Well, you didn't necessarily ask for it, but I said I was thinking about it, and nobody told me to stop, so now you're getting my impression/opinion of the last gig I shot.

When I found out that The Liquid Engineers - Gary Numan Tribute band were going to be playing in my home town, I couldn't really >>not<< go, especially since they were going to be playing at the iconic The Fleece Bristol.

When an artist like Gary Numan tours, it's usually on the back of a new album release, so the majority of a standard headline set will be taken up with those new songs, mixed in with a smattering of fan favourites from an album or two back, and an old classic or two. Some artists are better at satisfying hardcore fans than others, but in generally, there will always be a hint of disappointment that the song you >really< like hearing live won't get played. This is where, in my view, tribute bands really come into their own. Freed from the pressure of promoting a new album, and with a potentially much longer stage time, there's space to cover a much wider range of their chosen artist's back catalogue.

The Liquid Engineers >>definitely<< do this. Their two-hour set included a really good spread of recent songs, from the Intruder and Savage albums, right the way back to those heady days of the late 70s. I'm not a hardcore Numan fan, by any stretch of the imagination, and there were a fair few songs in the set that I didn't recognise, but which were clearly fan favourites.

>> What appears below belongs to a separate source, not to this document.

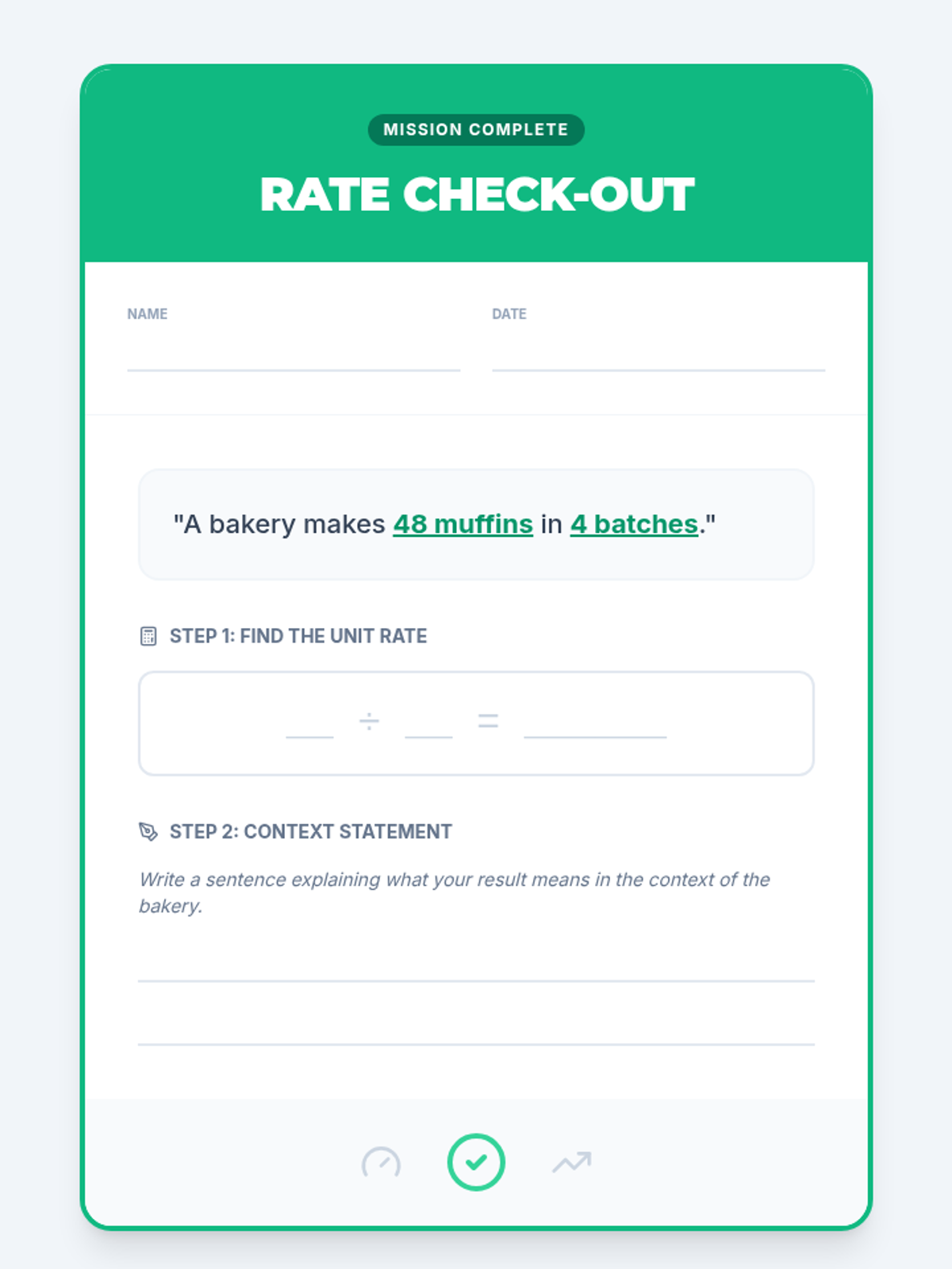 Introduction to proportions and solving one-step equations through cross-multiplication. Real-world contexts include recipe scaling and unit rates. (Task 1)

But it's more than just the choice of songs that has earned this band the accolade of the UK's No 1 Gary Numan tribute act. The attention to detail both in performing the songs and in recreating the unmistakeable Numan sound is absolutely impeccable. Although David may be concealed in shadow behind the set piece of a brick wall, his synth melodies soar across the room, while Pete stalks back and forth across the stage like a 6-string predator. In the opposite corner, Faye alternates between a bass synth which she claims to enjoy playing, and slapping her Rickenbacker like it owes her money, and behind all of them, Dave keeps everything in line with impressive tightness and barely-contained power.

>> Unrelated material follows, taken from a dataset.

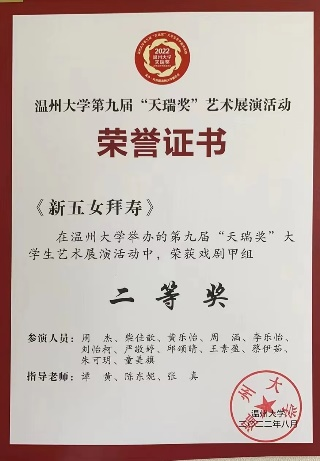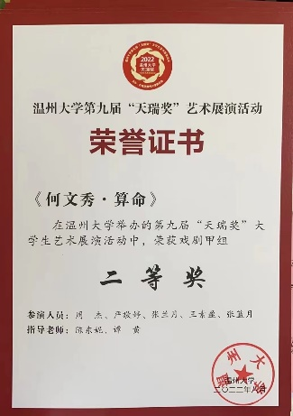 同时,慢慢崛起的红楼越剧社也得到了社会上的关注。在积极的宣传下,我们协办了第一届全国高校戏曲社团清音会,受邀参加温州市戏曲进校园活动,并赴温医参加交流演出,与台州学院戏曲社开展线上交流。暑期,社团参加了开云电子(中国)官方网站_开云电子(中国)官方网站第九届“天瑞奖”大学生艺术展演并取得两个二等奖,受茶山派出所之邀参与了反诈视频的拍摄,红楼越剧社荣升为五星级社团。这一年,社团成功举办了大小活动51次,微刊总量达38篇。

If this quartet of talented musicians provide the authentic sound of Numan, it's Pat Martin who brings the attitude. You might bump into Pat at the bar, but you won't see him on stage. Somewhere, out of sight, between the toilets and the stage, he undergoes a transformation. You might as well be at a Numan gig. Close your eyes (or take your glasses off and/or squint a bit) and you might as well be at a Numan gig, but in a much more intimate venue and for a much more affordable ticket price than you're likely to get nowadays. Every facet of Numan's performance - from the vocal idiosyncrasies, to the expansive arm gestures and the brooding stares into the crowd - have been incredibly well observed, practiced, and reproduced.

You don't have to be a dyed-(black)-in-the-pvc Numan fan to enjoy The Liquid Engineers - their lengthy and varied set has such a broad range of songs - from the obvious Cars, Are Friends Electric and Down In The Park, to modern classics like My Name Is Ruin and Intruder, with plenty of favourites, oddities, and seldom-played favourites. Don't take my word for it though - go and see them, and judge for yourself.